You sacked the quarterback.  You don’t need to stand over him.  All you did was your fucking job.  Get up and go back to your side.

You break six tackles en route to a 74-yard touchdown run?  Sure, spike the ball, do a touchdown dance.  Your sack was on fourth down and effectively ends the game?  I suppose you can celebrate.

This isn’t Madden.  Nobody thinks you da bomb because you caught a pass.  Act like you’ve been there before.

Dear “JB”

On “The NFL Today”, James Brown just previewed a game between two longtime rivals, then tossed to Dan Fouts at the game with the question “Are you expecting another chapter in this battle to be written today?”.

Of course he is.  In that book metaphor, each game is a chapter.  Essentially, your question was “Dan, do you expect these two teams to play today?”

You should try to not say stupid things.

Dear Guy Who Called the Pizza Place

When I was there picking up my dinner, you called and placed an order just as I was walking in.  It took a couple of minutes for you to go through the process of placing your order, and when you finished, the clerk put you on hold to get your total.  I overheard her tell you it was $45 and change and it would be ready in 45 minutes to an hour.

And as the clerk was entering your information into the credit card machine, she stopped for a moment, then said to you “Yep, about 45 minutes to an hour.”  And a moment later, she said “Okay”, hung up the phone and crossed out everything she’d just written.

Here’s the thing: if you call a pizza place on a Saturday night and order $45 worth of food (which I’m guessing was in the neighborhood of three or four pizzas plus breadsticks and all that extra crap), you can’t reasonably expect them to get your order ready in ten minutes.  Quite frankly, 45 minutes seems pretty damned fast for that much food.

Dear Spammers

Do you really think that posting dozens of comments to my little dog and pony show here will actually get you something?

You suck.  That’s why I had to turn off comments.

Dear Guy Sitting Outside My Window In His Car


I was just sitting here thinking to myself “Gee, I really wish there was someone outside in their car playing their really, really shitty music really loudly so I could have to listen to it against my will.”

And then you pulled up.

You’re the best.  Your music, not so much.

Dear Woman at the Laundromat

It’s perfectly reasonable for you to put your clothes in a dryer, and it’s perfectly reasonable for you to put four quarters into the dryer, and it’s perfectly reasonable to ask the attendant how long the dryer will run on four quarters, and it’s perfectly reasonable for you to leave for a while when she tells you “about twenty minutes”.

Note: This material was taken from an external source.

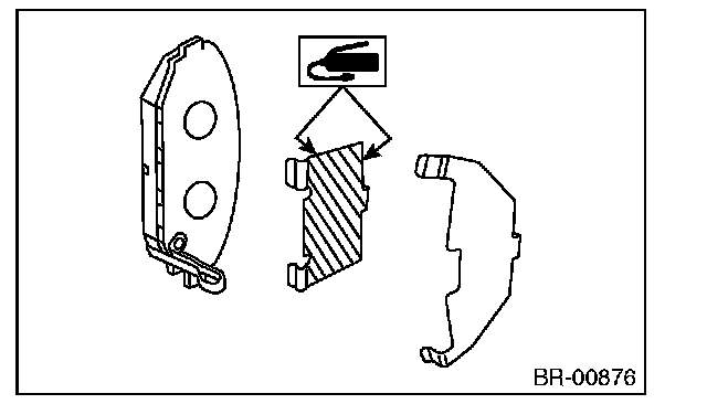 3) Apply a thin coat of Molykote AS880N or grease contained in the pad kit to both surfaces of the pad inner shim.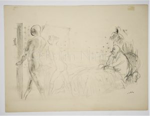 Reproduction d'un dessin représentant un homme couché regardant partir deux hommes - signé - 28,2 x 38 cm - circa 1926

But you really don’t need to tell the attendant “I’ll be back” when you leave.

No one ever thought that you might be a clothes-abandoner, here to drop all of your clothing in a dryer, drop a buck into the slot, then leave, never to be seen again.

Dear NFL

You’re making a big deal this weekend (week 6 of the 2015 season) everywhere you can that next week’s game in London will be streaming live on the Internet for the first time ever.

Wikipedia says the first ever live stream was 22 years ago.  There are literally thousands of live streams from various sources on the Internet.  This isn’t a big deal.  It’s you finally pulling your heads out of your asses and figuring out that this Internets thing might stick around for a while.